Apple Paid $2,88,500 To Ethical Hackers to hack their system and find flaws

A group of hackers has been awarded nearly $300,000 by Apple for discovering 55 vulnerabilities in the company’s systems.

The group, including four members-Sam Curry, Brett Buerhaus, Ben Sadeghipour, Samuel Erb, and Tanner Barnes spent three months hacking Apple platforms and services to discover the vulnerabilities. They discovered 55 vulnerabilities with 11 critical severity, 29 high severity, 13 medium severity, and 2 low severity reports.

These security bugs permitted the programmers to invade Apple’s centre framework which may permit them to access the company’s private information.

Apple has paid $288,500 to the team for processing more than half of the vulnerabilities. One of the team members, Sam Curry said that the total payout might surpass $500,000 after Apple would pay them the rest. 

“During our engagement, we found a variety of vulnerabilities in core portions of their infrastructure that would’ve allowed an attacker to fully compromise both customer and employee applications, launch a worm capable of automatically taking over a victim’s iCloud account, retrieve source code for internal Apple projects, fully compromise an industrial control warehouse software used by Apple, and take over the sessions of Apple employees with the capability of accessing management tools and sensitive resources,” the hackers said.

“If the issues were used by an attacker, Apple would’ve faced massive information disclosure and integrity loss,” Curry said in an online chat a few hours after posting a 9,200-word writeup titled We Hacked Apple for 3 Months: Here’s What We Found. “For instance, attackers would have access to the internal tools used for managing user information and additionally be able to change the systems around to work as the hackers intend.”

The hackers performed the task under Apple’s bug-bounty program. Sam Curry gave a statement saying, "This was surprising to me as I previously understood that Apple’s bug bounty program only awarded security vulnerabilities affecting their physical products and did not payout for issues affecting their web assets.”

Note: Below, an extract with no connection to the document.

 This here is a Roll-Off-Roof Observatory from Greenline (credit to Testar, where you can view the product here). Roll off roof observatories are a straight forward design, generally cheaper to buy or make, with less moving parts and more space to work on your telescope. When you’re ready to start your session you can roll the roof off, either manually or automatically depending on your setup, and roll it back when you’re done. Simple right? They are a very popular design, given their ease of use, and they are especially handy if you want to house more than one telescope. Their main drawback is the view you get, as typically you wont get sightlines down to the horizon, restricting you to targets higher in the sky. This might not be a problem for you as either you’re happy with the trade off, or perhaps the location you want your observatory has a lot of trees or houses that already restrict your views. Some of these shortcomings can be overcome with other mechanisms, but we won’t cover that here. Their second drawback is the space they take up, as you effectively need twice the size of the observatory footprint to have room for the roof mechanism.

As part of Apple’s Security Bounty Program, the group received considerable payments for some of their work. On Sunday, October 4, the team had received four payments totalling $51,500. That included $5,000 for revealing the full name of iCloud users, $6,000 for finding IDOR vulnerabilities, $6,500 for access to internal corporate environments, and $34,000 for discovering system memory leaks containing customer data. 

Apple has been very active in investing in its bug bounty program since last year. Security researchers now have the chance to receive up to one million dollars per vulnerability based upon the nature and degree of the bug.